The circumstances of the time and place were favourable. Cotton-spinning was in the early vigour of its development; the mechanical contrivances by which it was carried on were clumsy, heavy, and unscientific. Some of the largest and most enterprising manufacturers were Scotch settlers, like Mr. Fairbairn, whose engaging manner and evident knowledge soon gained their confidence and orders. Messrs. Adam and George Murray, and John Kennedy, then a partner with Mr. McConnel, were amongst the largest cotton-spinners in the kingdom, and his earliest employers and patrons. Adam Murray commissioned Mr. Fairbairn to undertake the renewal of his mill machinery, an engagement which was satisfactorily fulfilled, though from the limited means of Fairbairn and Lillie, only by perseverance and energy.

The gearing of the mill machinery which Mr. Fairbairn undertook to renew was, like all others of the time, of a primitive and clumsy description, liable to frequent breakages, often repaired on a Sunday. It was then the plan to transmit power from the engine to the machinery by heavy cast-iron shafts revolving slowly. Fairbairn perceived that by bringing up the speed at once in the engine, power would be gained, and that by substituting light round shafts of wrought iron in rapid revolution to transmit the power, the loss occasioned from the weight and friction of the cumbrous machinery then in use would be avoided. He thus diminished the weight and cost of machinery while quadrupling its power.

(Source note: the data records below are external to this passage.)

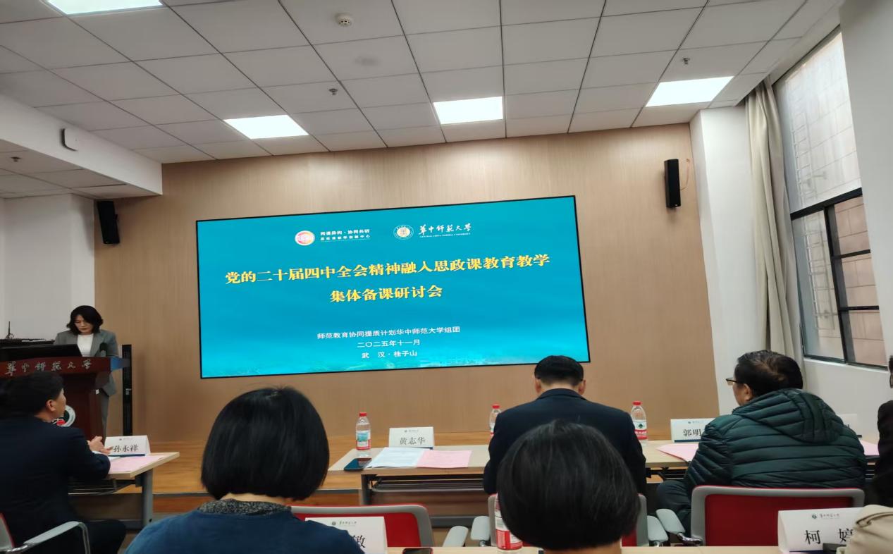 (本报讯) 2025年11月15日,荆楚大地秋意正浓,学术交流热情不减。为深入学习、贯彻落实党的二十届四中全会精神,并推动其融入思想政治理论课教学体系之中,华中师范大学组织开展党的二十届四中全会精神融入思想政治教育教学集体备课研讨会。我院习近平新时代中国特色社会主义思想教研室(以下简称“教研室”)全体教师参与此次教研活动。在专题研讨与交流环节,陈智会老师做主题发言。此次跨校教研活动不仅是一次思想的碰撞与智慧的汇聚,更是一次校际协同、共谋思政育人新篇的生动实践,取得了丰硕成果。
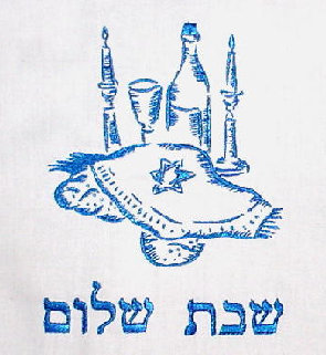 This challah cover is 100% white cotton with a silhouette embroidery (6"Lx7"H) and Shabbat Shalom in Hebrew underneath. It measures 20"x20". Machine wash/dry Your choice of thread color. Price: $35.00 |
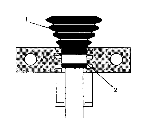 1. Install the new swage ring (2) on the neck of the halfshaft outboard boot (1). Do not swage.

His next step was the invention of the circular half-lap coupling, the adoption of which had an immediate effect on the expansion of the cotton trade, brought the inventor into notice, and laid, in fact, the foundation of his prosperity. Every mill owner wished to have the advantage of multiplied power.

Thus, almost at a step, Mr. Fairbairn and his partner found themselves in the front rank of engineering millwrights. Orders came in faster than they could be executed. The firm had to remove to larger premises in Mather Street, where they first did the work by steam. This establishment was from time to time extended, till superseded by the erection of a manufactory in Canal Street, Ancoats, fitted up with the best machinery, for the execution of the largest contracts.

He continued to improve cotton-spinning machinery in a manner similar to that already described, by which friction was lessened, and the speed was accelerated from 40 to above 300 revolutions per minute. It is, in fact, impossible to estimate the amount of development of the spinning trade which should be attributed to the genius and skill of William Fairbairn. These improvements reacted beneficially upon the silk and other textile trades which had been lagging behind the progress in cotton.

But his attention was not confined to cotton or silk-spinning machinery. In 1826-27, his firm fitted up the water-wheels for the extensive cotton-mills belonging to Finlay and Co at Catrine Bank, in Ayrshire. In these wheels he introduced what has been called the 'ventilated bucket,’ an arrangement by which the air confined in a bucket, instead of rushing back upon the water which was filling the bucket, quietly escaped by a false bottom, or open space, into the bucket above. The wheels at Catrine Bank are, even at this day, among the most complete hydraulic machines in Europe.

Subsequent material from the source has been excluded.